▶ [PROBLEM TO SOLVE]
Every record below should be printed exactly, except for the pictures.

▶ [Source data]

======

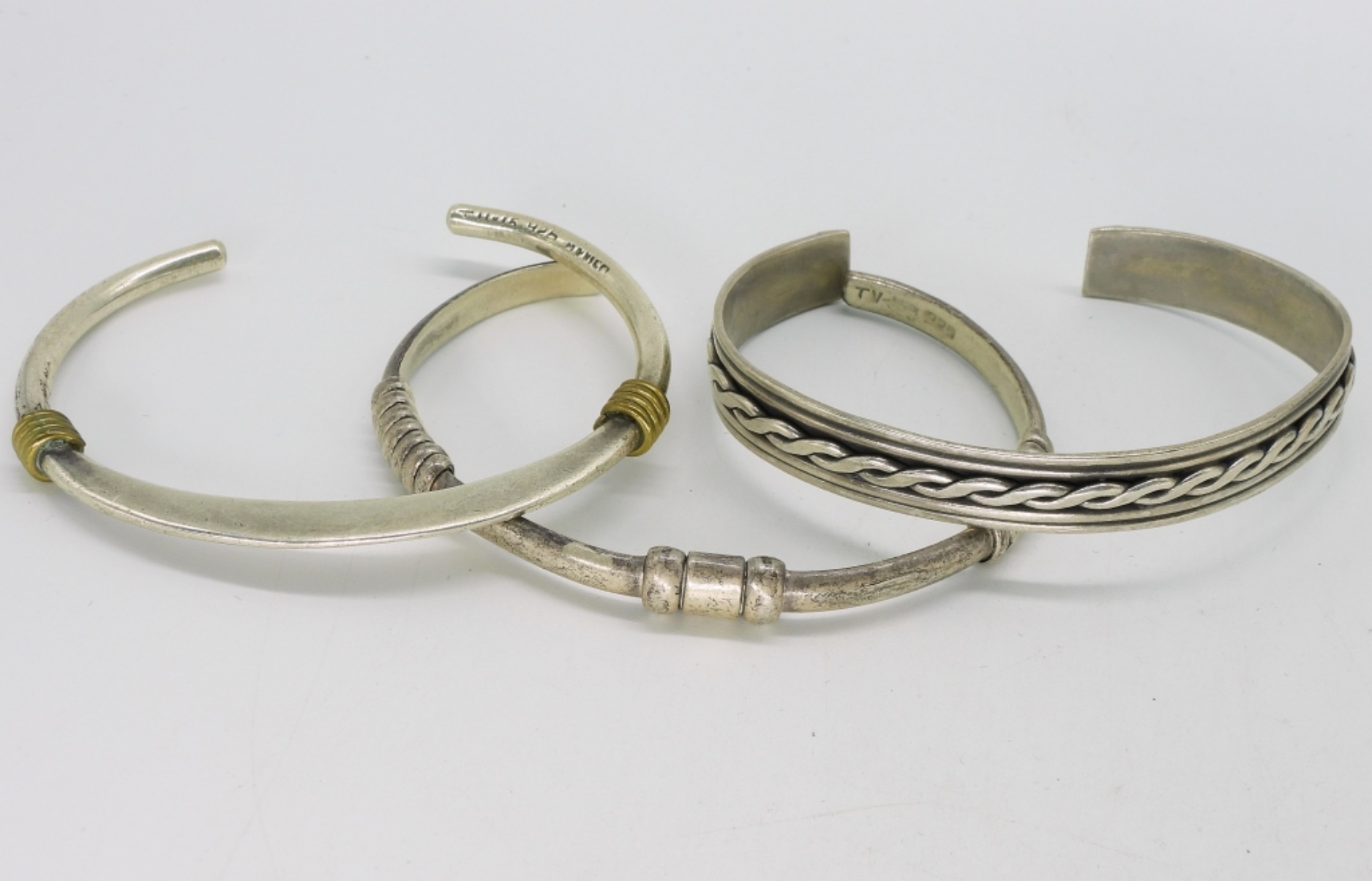 3 Sterling Cuff Bracelets. Taxco and two unmarked. (31.2 dwt) 6x4x2
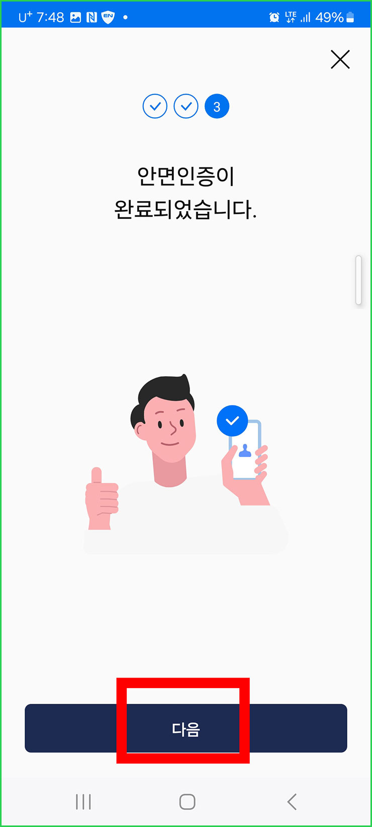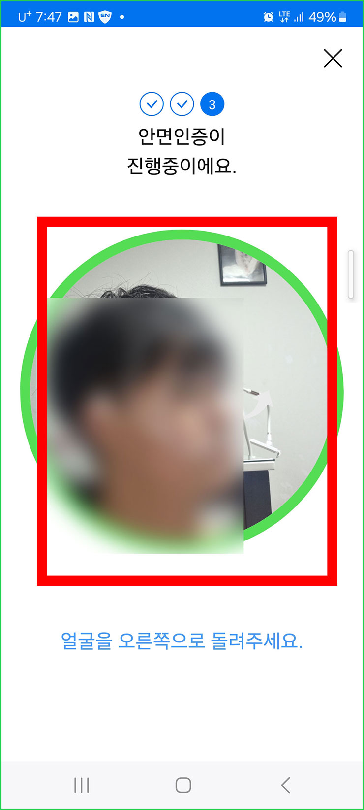 21. 이제 여러분들의 '안면인증'을 해주세요. 앞, 오른쪽, 왼쪽으로 총 세 번을 합니다. 그 다음에는 '다음'을 눌러주세요.
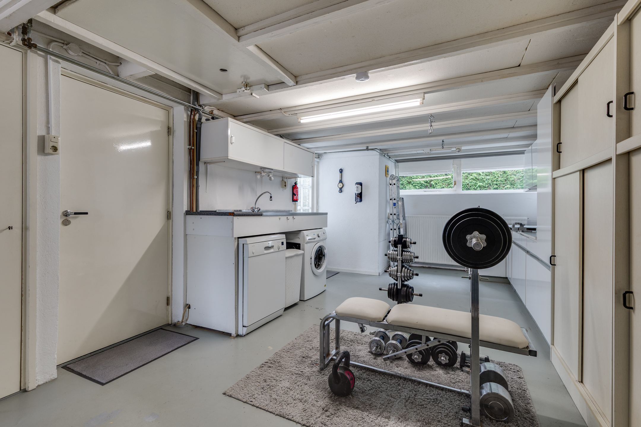 Een extra groot pluspunt is de ruime garage / berging met ruime vliering. De garage / berging is voorzien van aansluitingen voor wasmachine en wasdroger en een wastafel.
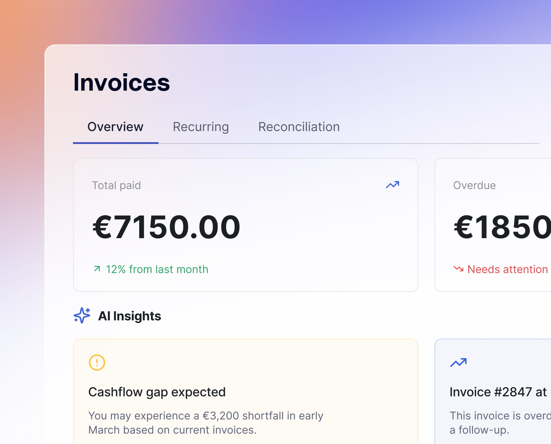 When your invoicing and your bank account live in the same platform, reconciliation happens automatically. Payments match to invoices without manual effort.
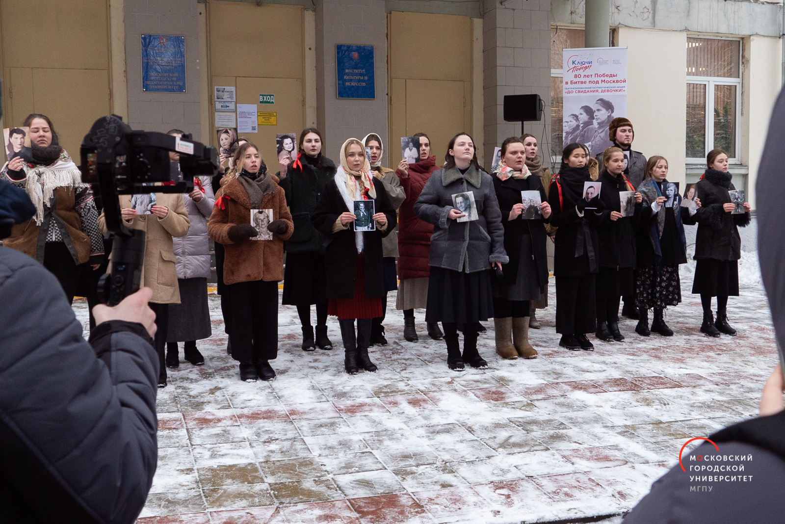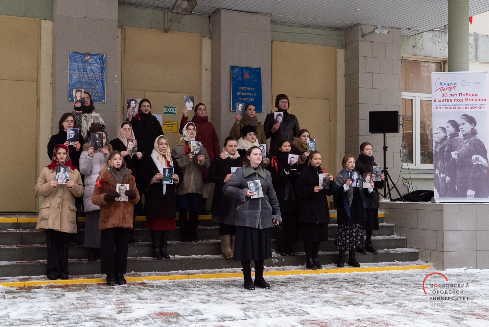 Театрализованная Патриотическая Акция «До свидания, девочки!» в Институте культуры и искусств МГПУ на ул. Марии Ульяновой, д. 21 в рамках патриотической программы-конкурса «Ключи Победы», включающей мероприятия для аудитории разного возраста, от молодежи до ветеранов, и к 80-летию Победы Советского народа в Великой Отечественной войне 1941−1945 гг.
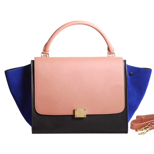 Geantă de umăr Celine Trapeze multicoloră din piele de vițel roz/negru/întoarsă albastră
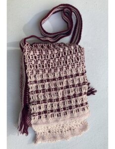 and learn to weave a warp faced band. Then seam it all together into a bag with an
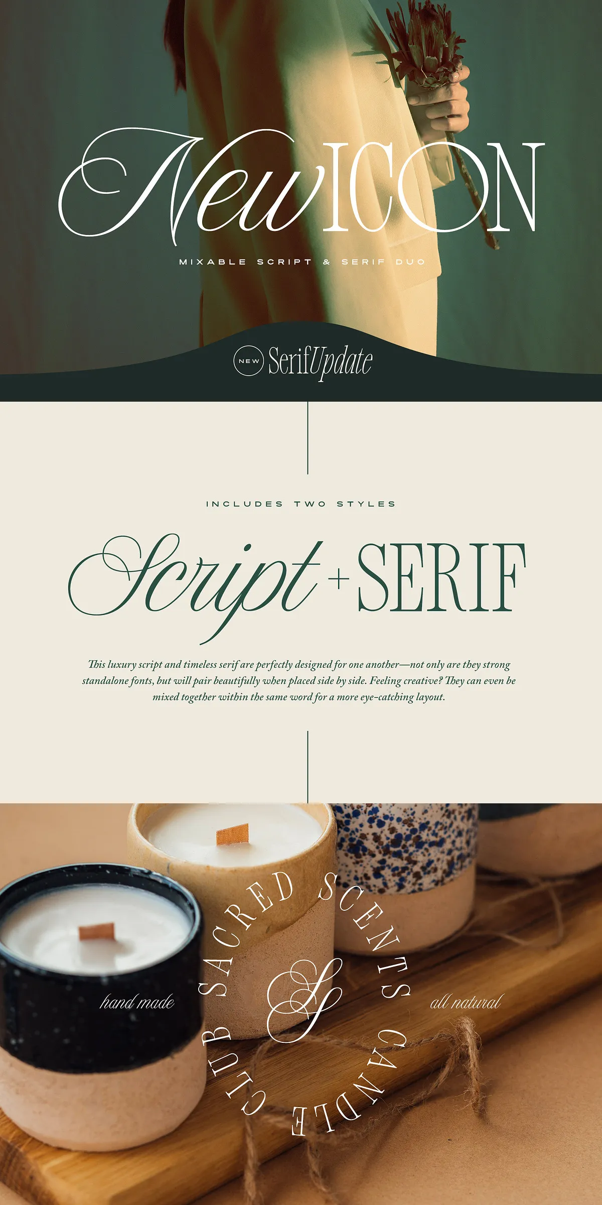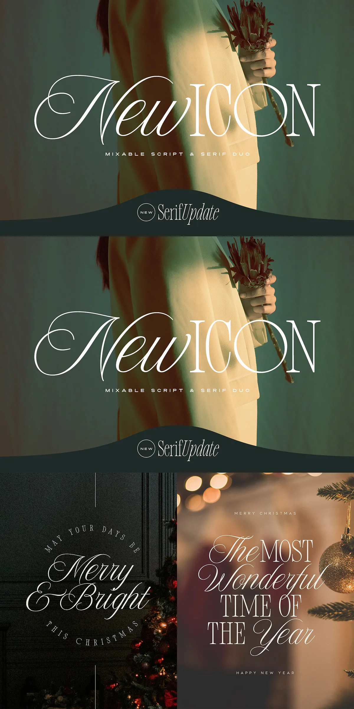 The New Icon Font Duo represents a fresh, elegant approach to typography by merging a luxury script with a classic serif font designed to complement each other perfectly. These fonts not only work as strong, standalone choices but also create visually striking pairings when used side by side. The unique ability to blend these fonts within the same word offers designers unmatched flexibility and creativity, enabling the creation of bold and sophisticated layouts that elevate any project.
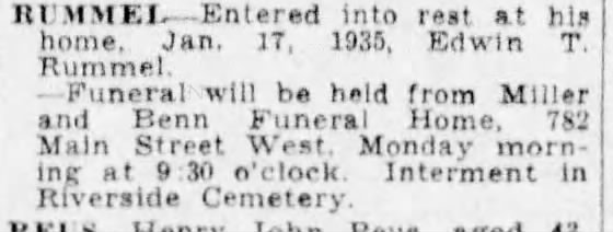 Edwin Rummel died January 17th, 1935, at the age of 60; as a final little insult, his middle initial is given as “T” instead of “P” in his obituary.
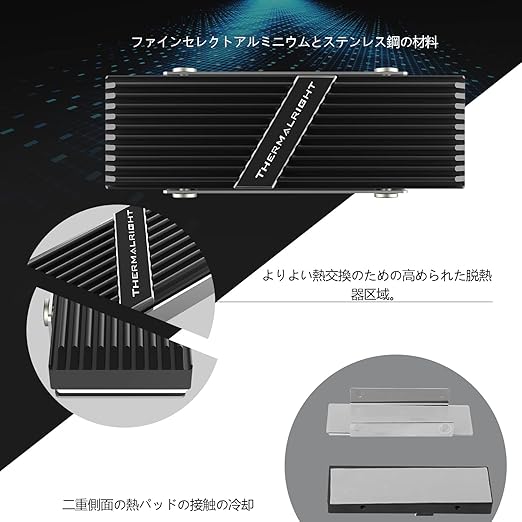 【アルミニウム合金】アルミニウム合金、サンドブラスト加工、アルマイト表面処理により、M.2 SSDの放熱面積を大幅に拡大し、10℃~30℃の放熱効果(環境により異なります)を発揮します。
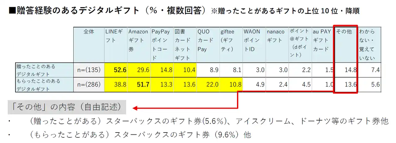 「その他」の自由記述をみると、贈答経験のあるデジタルギフトは「スターバックスのギフト券」が多かった。※単独項目として集計した場合には上位10位に入る。 |
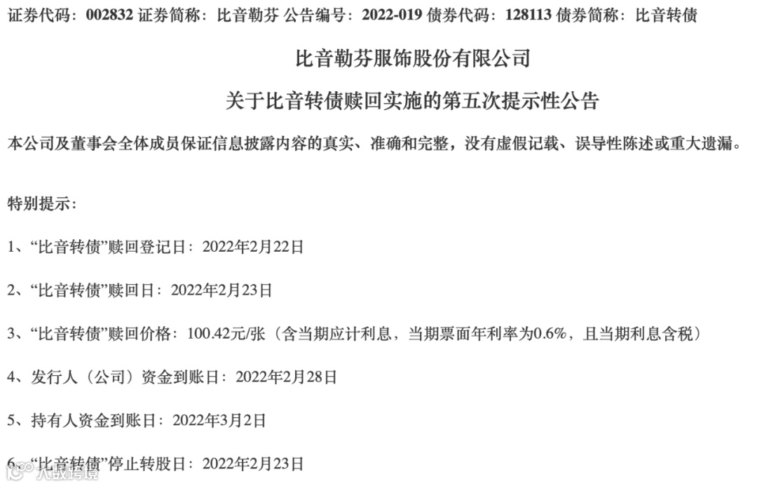比音勒芬称,本次可转债赎回价格可能与比音转债的市场价格存在较大差异,特别提醒持有人在2022年2月22日之前或当日完成交易或转股,否则可能面临较大投资损失。
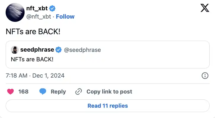 基于 Virtuals 平台发布,NFTxbt 将区块链信息与 Twitter、Farcaster 和主要 NFT 市场的实时信号结合,帮助收藏家和创作者获取市场洞察、追踪趋势并制定智能策略。从长远来看,NFTxbt 希望成为一个类似 PleasrDAO 的 DAO,帮助用户以公平和透明的方式分享与策展 NFT。
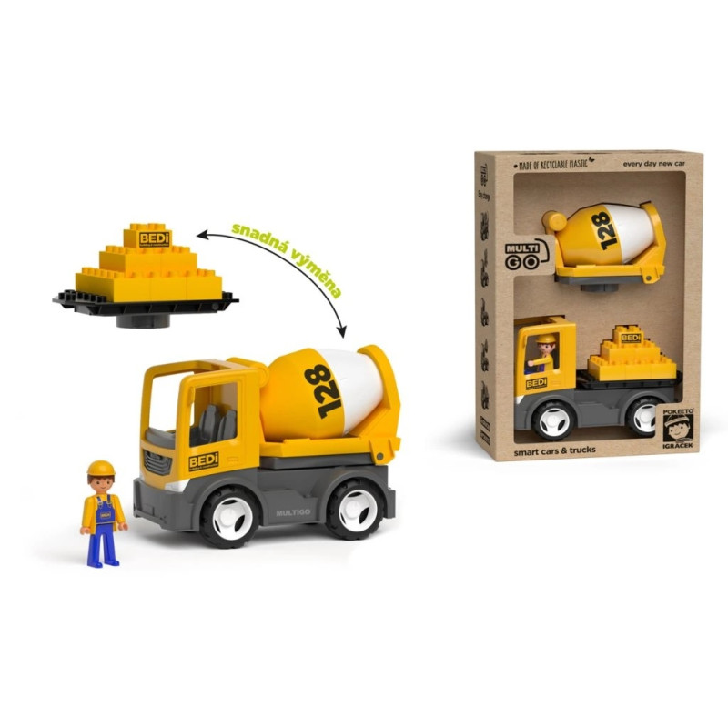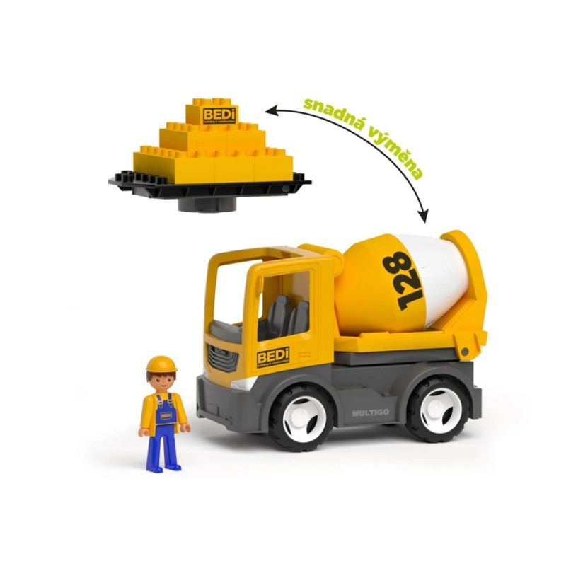 · 2 vahetatavat lisaseadet: betoonisegisti ja ehitusplatvorm kuubikutega

======

▶ [OUTPUT FOR THIS TASK]
 3 Sterling Cuff Bracelets. Taxco and two unmarked. (31.2 dwt) 6x4x2
 21. 이제 여러분들의 '안면인증'을 해주세요. 앞, 오른쪽, 왼쪽으로 총 세 번을 합니다. 그 다음에는 '다음'을 눌러주세요.
 Een extra groot pluspunt is de ruime garage / berging met ruime vliering. De garage / berging is voorzien van aansluitingen voor wasmachine en wasdroger en een wastafel.
 When your invoicing and your bank account live in the same platform, reconciliation happens automatically. Payments match to invoices without manual effort.
 Театрализованная Патриотическая Акция «До свидания, девочки!» в Институте культуры и искусств МГПУ на ул. Марии Ульяновой, д. 21 в рамках патриотической программы-конкурса «Ключи Победы», включающей мероприятия для аудитории разного возраста, от молодежи до ветеранов, и к 80-летию Победы Советского народа в Великой Отечественной войне 1941−1945 гг.
 Geantă de umăr Celine Trapeze multicoloră din piele de vițel roz/negru/întoarsă albastră
 and learn to weave a warp faced band. Then seam it all together into a bag with an
 The New Icon Font Duo represents a fresh, elegant approach to typography by merging a luxury script with a classic serif font designed to complement each other perfectly. These fonts not only work as strong, standalone choices but also create visually striking pairings when used side by side. The unique ability to blend these fonts within the same word offers designers unmatched flexibility and creativity, enabling the creation of bold and sophisticated layouts that elevate any project.
 Edwin Rummel died January 17th, 1935, at the age of 60; as a final little insult, his middle initial is given as “T” instead of “P” in his obituary.
 【アルミニウム合金】アルミニウム合金、サンドブラスト加工、アルマイト表面処理により、M.2 SSDの放熱面積を大幅に拡大し、10℃~30℃の放熱効果(環境により異なります)を発揮します。
 「その他」の自由記述をみると、贈答経験のあるデジタルギフトは「スターバックスのギフト券」が多かった。※単独項目として集計した場合には上位10位に入る。 |
比音勒芬称,本次可转债赎回价格可能与比音转债的市场价格存在较大差异,特别提醒持有人在2022年2月22日之前或当日完成交易或转股,否则可能面临较大投资损失。
 基于 Virtuals 平台发布,NFTxbt 将区块链信息与 Twitter、Farcaster 和主要 NFT 市场的实时信号结合,帮助收藏家和创作者获取市场洞察、追踪趋势并制定智能策略。从长远来看,NFTxbt 希望成为一个类似 PleasrDAO 的 DAO,帮助用户以公平和透明的方式分享与策展 NFT。
 · 2 vahetatavat lisaseadet: betoonisegisti ja ehitusplatvorm kuubikutega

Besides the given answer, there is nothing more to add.